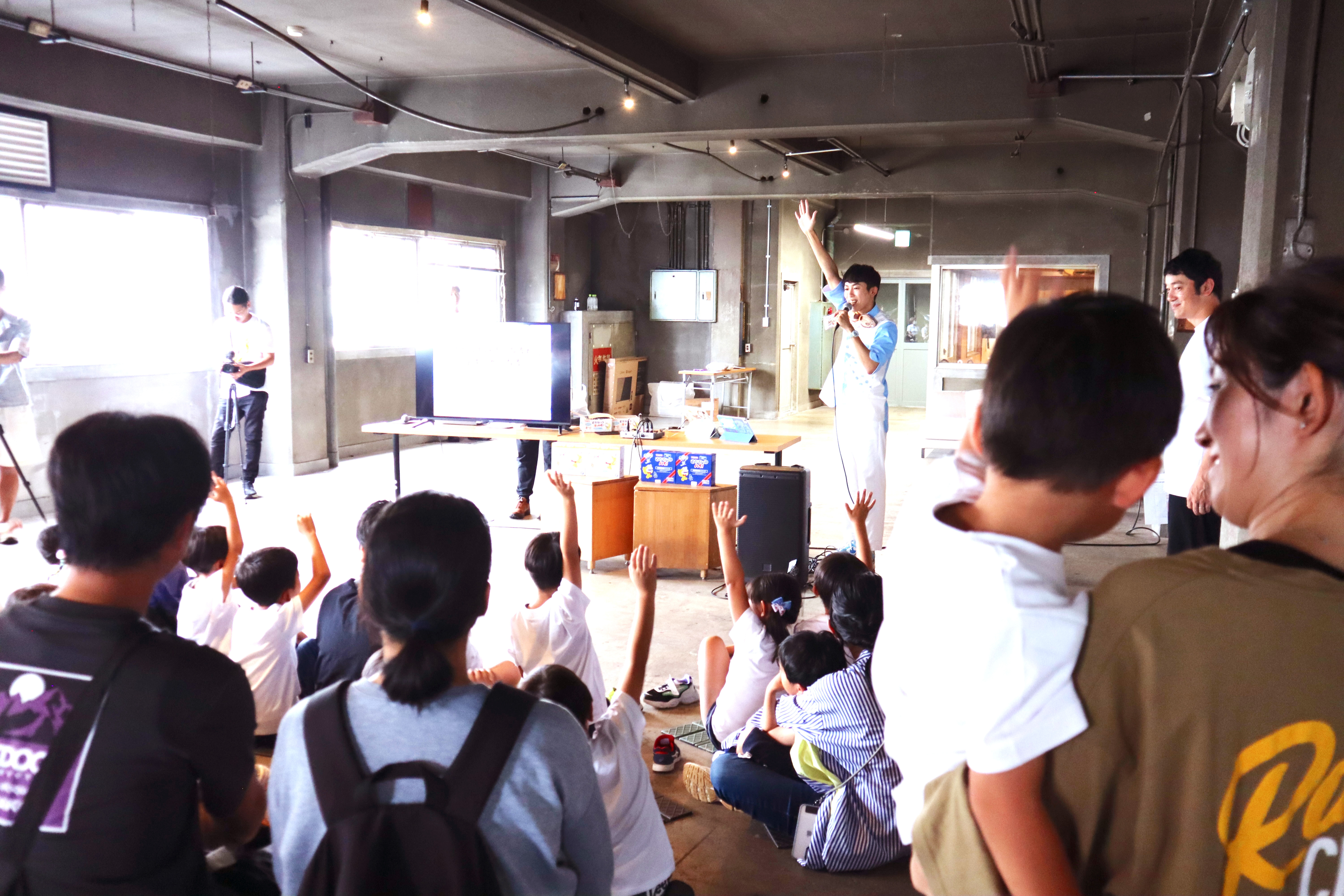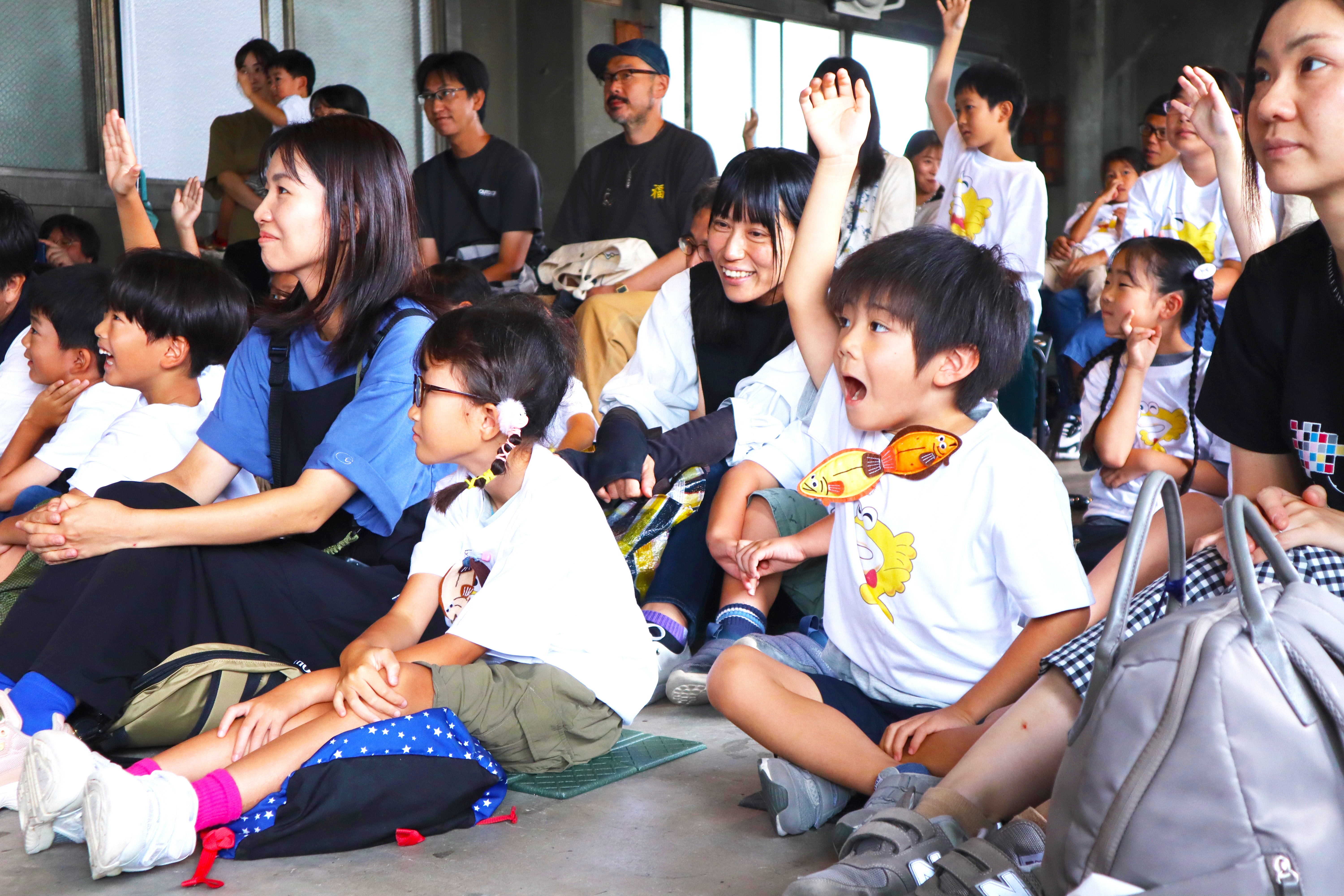 続いてスタートしたクイズショーでは、イワシや海の生き物に関する質問が出題され、子どもたちは一斉に手を挙げて答えようとするなど、大盛り上がりとなりました。中には、大人も驚くような知識や意外な回答を披露する子どももおり、会場からは「へえ〜!」と感心の声が上がる場面も。単なる遊びの時間ではなく、子どもたちの学びの力強さが感じられるひとときとなりました。
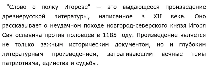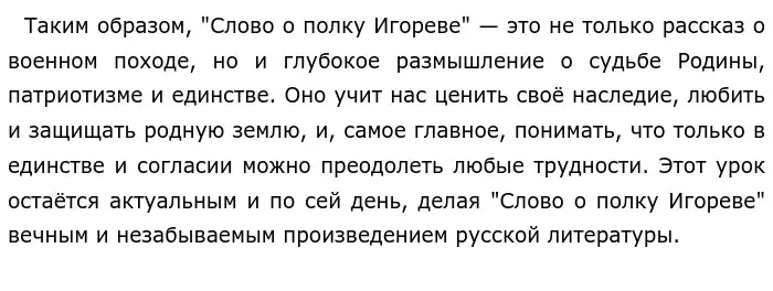 "Слово о полку Игореве" также пронизано глубоким чувством патриотизма. Любовь к Родине, её природе, традициям и культуре ощущается в каждой строчке произведения. Автор мастерски использует живописные описания природы, чтобы подчеркнуть красоту и величие русской земли. Этот патриотический пафос был и остаётся важным элементом национальной идентичности русского народа.
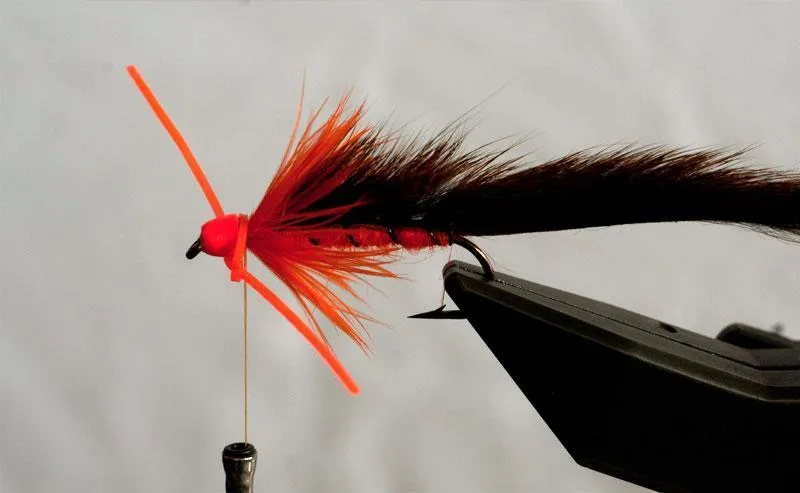 Tie in the rubber legs by simply knotting them around the hook – on set on top one on the bottom.
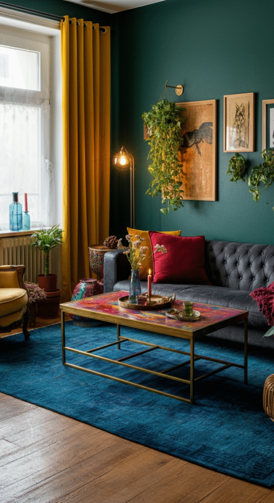 Use rich, vibrant hues like deep blues, emerald greens, and mustard yellows in accent walls, throw pillows, and rugs to create a dynamic and welcoming space.

**Directions**
Once the pictures have been removed, reproduce each line of the material above exactly.

**Exercise output**
 続いてスタートしたクイズショーでは、イワシや海の生き物に関する質問が出題され、子どもたちは一斉に手を挙げて答えようとするなど、大盛り上がりとなりました。中には、大人も驚くような知識や意外な回答を披露する子どももおり、会場からは「へえ〜!」と感心の声が上がる場面も。単なる遊びの時間ではなく、子どもたちの学びの力強さが感じられるひとときとなりました。
 "Слово о полку Игореве" также пронизано глубоким чувством патриотизма. Любовь к Родине, её природе, традициям и культуре ощущается в каждой строчке произведения. Автор мастерски использует живописные описания природы, чтобы подчеркнуть красоту и величие русской земли. Этот патриотический пафос был и остаётся важным элементом национальной идентичности русского народа.
 Tie in the rubber legs by simply knotting them around the hook – on set on top one on the bottom.
 Use rich, vibrant hues like deep blues, emerald greens, and mustard yellows in accent walls, throw pillows, and rugs to create a dynamic and welcoming space.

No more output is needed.